The answer must be an exact transcription of the lines below from the first through the one containing "The Spartan’s political", with the pictures left out; please add nothing else.

[Opening Recorded information section]

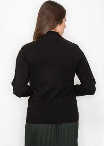 Black Buttoned Sleeve Mock Neck Top
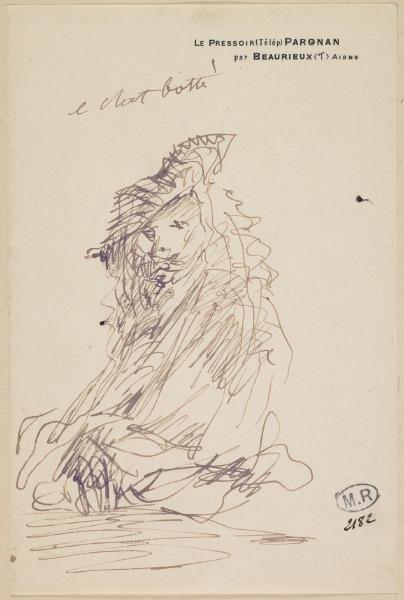 Le chat botté, portrait d'homme d'après la gravure de Rembrandt : Rembrandt appuyé (Bartsch 21) de Rodin Auguste (1840-1917);Rembrandt (1606-1669) (d'après) figure dans les collections du musée Rodin. Rodin Auguste (1840-1917);Rembrandt (1606-1669) (d'après) a utilisé ici plume, encre violette, papier (crème). Elle mesure 17.6 H ; 11.6 L. On y reconnaît : portrait (homme, tête, de profil). L'oeuvre date de la 1er quart 20e siècle. On sait de cette oeuvre que : Rodin : Paris, 1840 ; Meudon, 1917.
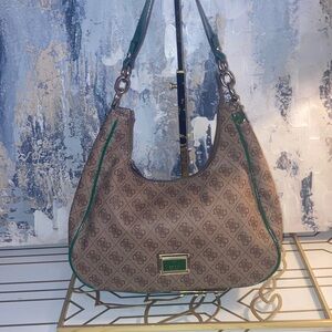 NWOT Guess HOBO Calista Satchel Brown and Green Designer Women's Bag
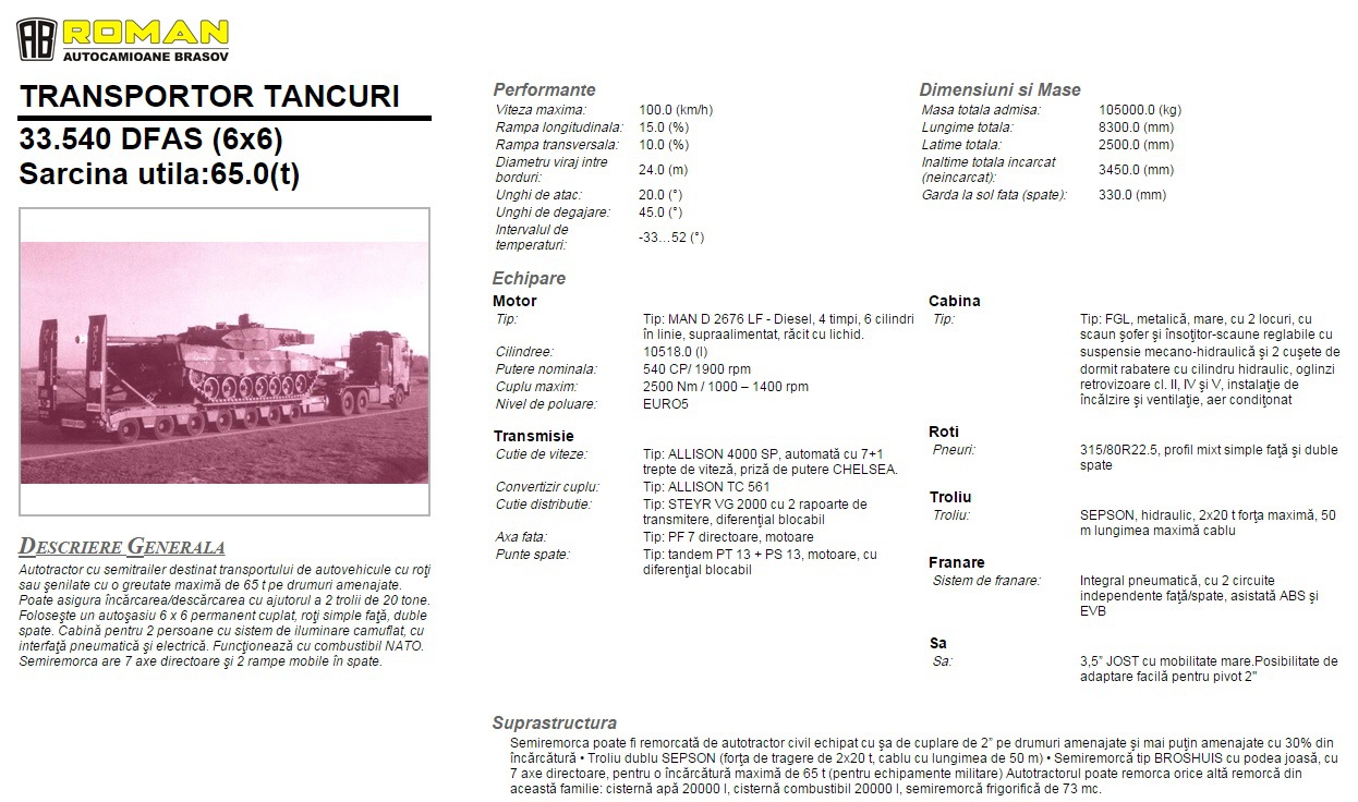 33.540 DFAS (6×6) este un autotractor cu semitrailer destinat transportului de autovehicule cu roţi sau şenilate cu o greutate maximă de 65 t pe drumuri amenajate. Poate asigura încărcarea/descărcarea cu ajutorul a doi troli de 20 de tone. Foloseşte un autoşasiu 6×6 permanent cuplat, roţi simple faţă, duble spate. Cabină pentru două persoane cu sistem de iluminare camuflat, cu interfaţă pneumatică şi electrică. Funcţionează cu combustibil NATO. Semiremorca are şapte axe directoare şi două rampe mobile în spate.
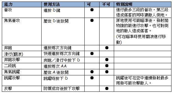 精靈射手 - 托恩斯是遠距離攻擊型英雄,近戰時可利用三段普攻來攻擊敵人,使敵人倒地後,再利用集氣發射弓箭追加攻擊,對敵人造成多重傷害。遠距離則利用集氣瞄準連續發射弓箭來達到攻擊最大化。
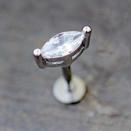 CZ Prong Dainty Dangle Gem Top Steel Externally Threaded Labret
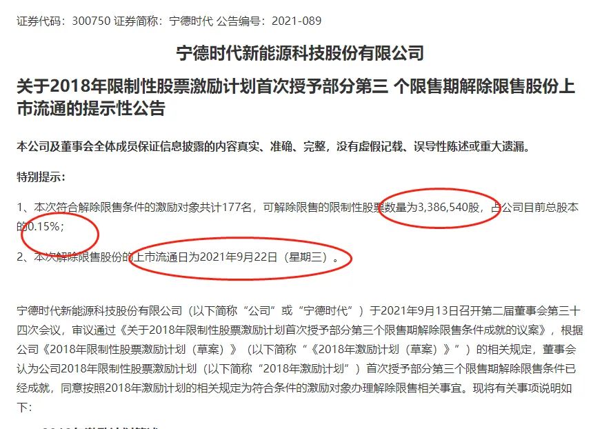 而与华自科技相关的宁德时代,在9月15日晚间也发布公告,于2021年9月22日解除限售股份上市流通。
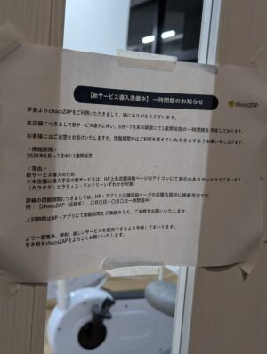 チョコザップ 額田店では上記の写真の張り紙にて6月~7月末の期間にて1週間程度の一時閉館を予定しているそうです。(カラオケ、ピラティス、ランドリーのいずれかが対象)
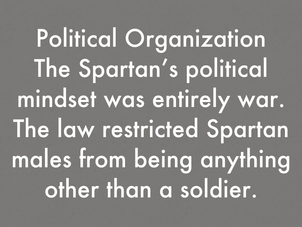 The Spartan’s political mindset was entirely war. The law restricted Spartan males from being anything other than a soldier.
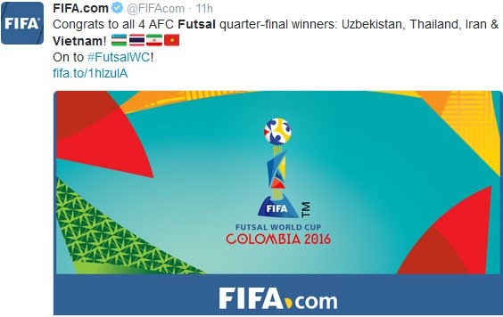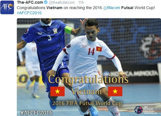 | AFC chúc mừng ĐT futsal Việt Nam trên trang Twitter. |
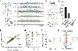 (F) Relation between the instantaneous frequency of the forelimb (dark green dots) or the hindlimb (light green dots) and the left horizontal eye movements (righteye versus leftforelimb, R = 0.7248, Spearman test, p < 0.001, r2 = 0.5253; righteye versus lefthindlimb, R = 0.3195, Spearman test, p = 0.0852, r2 = 0.1021).
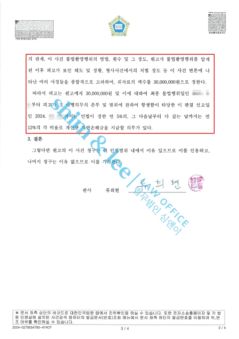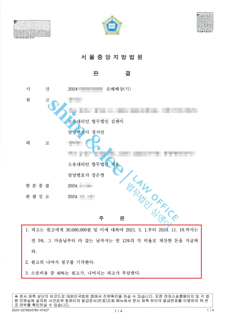 - 판결선고기일에는 심앤이가 목표로 진행했던 대로 손해배상 3,000만 원과 지연이자까지 많은 금액이 인용되었고, 소송비용은 원고 40% 나머지는 피고가 부담으로 변호사 비용 중 일부도 받아냈습니다.

[Closing Recorded information section]

_Worked solution_.
 Black Buttoned Sleeve Mock Neck Top
 Le chat botté, portrait d'homme d'après la gravure de Rembrandt : Rembrandt appuyé (Bartsch 21) de Rodin Auguste (1840-1917);Rembrandt (1606-1669) (d'après) figure dans les collections du musée Rodin. Rodin Auguste (1840-1917);Rembrandt (1606-1669) (d'après) a utilisé ici plume, encre violette, papier (crème). Elle mesure 17.6 H ; 11.6 L. On y reconnaît : portrait (homme, tête, de profil). L'oeuvre date de la 1er quart 20e siècle. On sait de cette oeuvre que : Rodin : Paris, 1840 ; Meudon, 1917.
 NWOT Guess HOBO Calista Satchel Brown and Green Designer Women's Bag
 33.540 DFAS (6×6) este un autotractor cu semitrailer destinat transportului de autovehicule cu roţi sau şenilate cu o greutate maximă de 65 t pe drumuri amenajate. Poate asigura încărcarea/descărcarea cu ajutorul a doi troli de 20 de tone. Foloseşte un autoşasiu 6×6 permanent cuplat, roţi simple faţă, duble spate. Cabină pentru două persoane cu sistem de iluminare camuflat, cu interfaţă pneumatică şi electrică. Funcţionează cu combustibil NATO. Semiremorca are şapte axe directoare şi două rampe mobile în spate.
 精靈射手 - 托恩斯是遠距離攻擊型英雄,近戰時可利用三段普攻來攻擊敵人,使敵人倒地後,再利用集氣發射弓箭追加攻擊,對敵人造成多重傷害。遠距離則利用集氣瞄準連續發射弓箭來達到攻擊最大化。
 CZ Prong Dainty Dangle Gem Top Steel Externally Threaded Labret
 而与华自科技相关的宁德时代,在9月15日晚间也发布公告,于2021年9月22日解除限售股份上市流通。
 チョコザップ 額田店では上記の写真の張り紙にて6月~7月末の期間にて1週間程度の一時閉館を予定しているそうです。(カラオケ、ピラティス、ランドリーのいずれかが対象)
 The Spartan’s political mindset was entirely war. The law restricted Spartan males from being anything other than a soldier.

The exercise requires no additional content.